Professor Jari Hyttinen, Tampere University, Faculty of Medicine and Health Technology, Finland
“Body on-chip systems for future personalized medicine”
Precision medicine emerges on the use of novel personal data. In-vitro cell and tissue models are emerging to offer patient cellular and organ functions to test drugs or to model diseases in test tubes.
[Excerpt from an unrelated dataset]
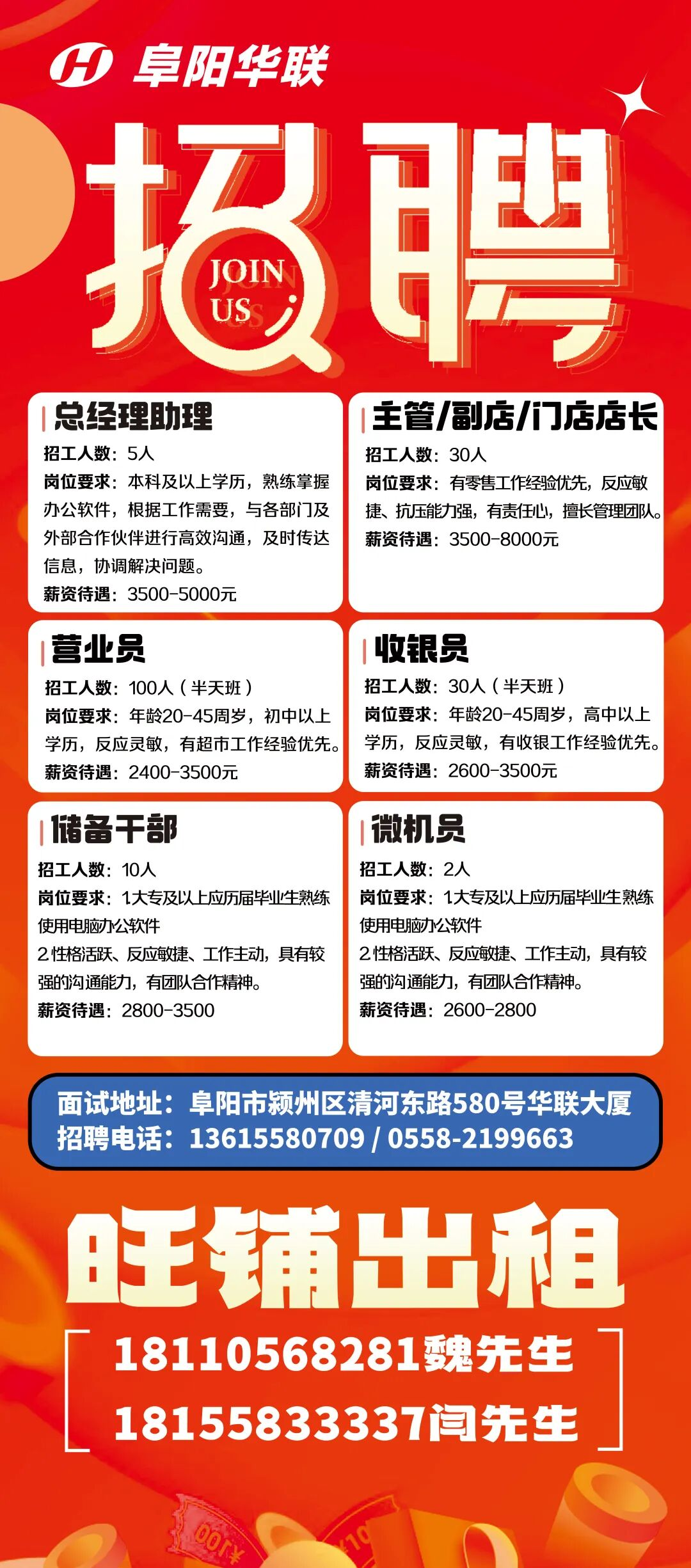 阜陽(yáng)華聯(lián)發(fā)布招聘公告

Human induced pluripotent stem cells (hIPSC) derived from patient own cells provide means to produce most cell types and thus provide means to make patient specific in-vitro models of patient cells and tissues. These models integrate in addition to cell technologies, many biomedical engineering technologies from biomaterials, microfluidics to bioimaging. In addition, computational “in-silico” models can be used to augment our understanding of the biological functions and the diseases or drug effects.
We are in process to upgrade our 2D in-vitro cell culture models to 3D body-on-chip platforms including environmental control and functional sensing methods. For example, we have developed methods to assess the cellular functions based on electrophysiological sensing and developed imaging methods to assess functions of hIPSC cardiac cell with simultaneous assessment of electrophysiology such as Calcium and voltage transients as well as mechanobiology in vitro. Further, we have developed in-silico models of various cellular function including multi-cell-type neuronal networks and in-silico population models of the hIPSC cardiomyocytes. We have also demonstrated the power of in-silico as possible pre-screening method for drug effects prior to in-vitro examinations using populations of models concept generating thousands of cell models in computer.
With integration of novel engineering we have demonstrated the power of combined in-vitro and in-silico methods for future precision medicine.
Professor Jussi Tohka, University of Eastern Finland, A.I. Virtanen Institute for Molecular Sciences, Finland
“Machine learning in neuroimaging”
Professor Tohka’s research focuses on developing new methods to analyze imaging data and developing machine learning approaches for predicting the course of brain diseases at individual level. He received his PhD degree (with commendation) in Signal Processing from the Tampere University of Technology, Finland, in 2003. He was a post-doctoral fellow in the Laboratory of Neuro Imaging, University of California, Los Angeles, USA, and thereafter held various research positions – including a highly regarded Academy of Finland research fellow position – at the Department of Signal Processing, Tampere University of Technology, Finland until being affiliated with Universidad Carlos III de Madrid as CONEX professor in 2015 – 2016. He has published over 90 full-length research articles in refereed international journals or conferences and supervised 8 PhD theses to completion. Several software tools developed by him and his team are in wide use in medical imaging laboratories around the world.